In Computer Vision, one of the most interesting areas of research is obstacle detection using Deep Neural Networks. A lot of papers went out, all achieving SOTA (State of the Art) in detecting obstacles with a really high accuracy. The goal of these algorithms is to predict a list of bounding boxes from an input image. YOLO, SSD, RetinaNet, they are all faster and more accurate than the others in finding bounding boxes in real-time. In this article, I want to take a look at something called Multi-Object Tracking. How does Object Tracking work in Computer Vision?There are 3 ways to can track obstacles using Computer Vision.
- Feature Tracking — You can check my article Visual Features & Tracking that explains the fundamentals of the toic.
- Multi-Object Tracking — What we'll see in this article.
Let's take a look at why I think we should track bounding boxes... Here’s one of the most popular object detection algorithm, called YOLO (You Only Look Once).

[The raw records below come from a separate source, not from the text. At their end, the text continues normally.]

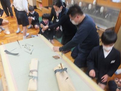 子どもたちも手ほどきをうけながら  チャレンジ!!    うーん、固いっ!!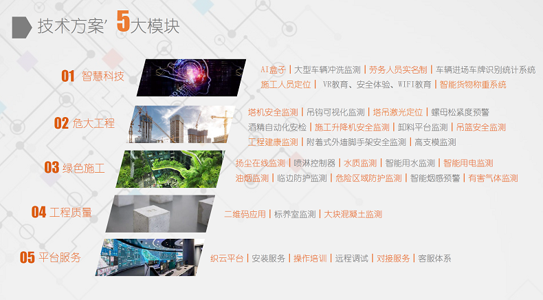 智慧工地有五大核心分區(qū):智慧科技、危大工程、綠色施工、工程質(zhì)量、平臺(tái)服務(wù)等。具體產(chǎn)品有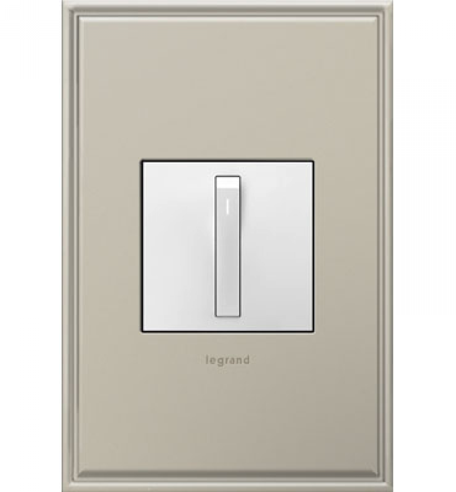 Control your lights with a soft, fluid motion using this modern light switch.This switch* features enduring Microban? antimicrobial technology that works to reduce the growth of bacteria, around the clock, for the lifespan of the product.* Existing inventory of switches, dimmers and plastic wall plates from the adorne? Collection at some partner locations may not yet include Microban? protection. To confirm that a specific Legrand product is protected with Microban?, check that the exterior of the product packaging includes a green dot or a ""Protected with Microban"" label.Made exclusively for use with screwless Wall Plates from the adorne? Collection, sold separately.No antimicrobial efficacy claims are being made or are valid with respect to products sold in Canada.

2D Object Detection algorithms such as YOLO are very popular. In fact, they're the algorithms everybody wants to learn! Here's a video that explains the general idea. The question is, are they useful?
What this algorithm will output is a list of bounding boxes, in format [class, x, y, w, h, confidence]. The class is an id related to a number in a txt file (0 for car , 1 for pedestrian, …). x, y, w and h represent the parameters of the bounding box. x and y are the coordinates of the center while w and h are its size (width and height). The confidence is a score value expressed in %.
How can we use these bounding boxes ?
So far, bounding boxes have been used to count the number of obstacles of the same class in a crowd , in self-driving cars, drones, surveillance cameras, autonomous robots, and all sorts of systems using Computer Vision. However, they all share the same limit: same class obstacles are from the same color and cannot be set apart.
Enters Deep SORT.
Deep SORT (Deep Simple Online Realtime Tracking)
This implementation uses an object detection algorithm, such as YOLOv5 and a system to track obstacle. As you can see, it works with occlusion as well. How? We need 2 algorithms for that: the Hungarian algorithm, and the Kalman filter.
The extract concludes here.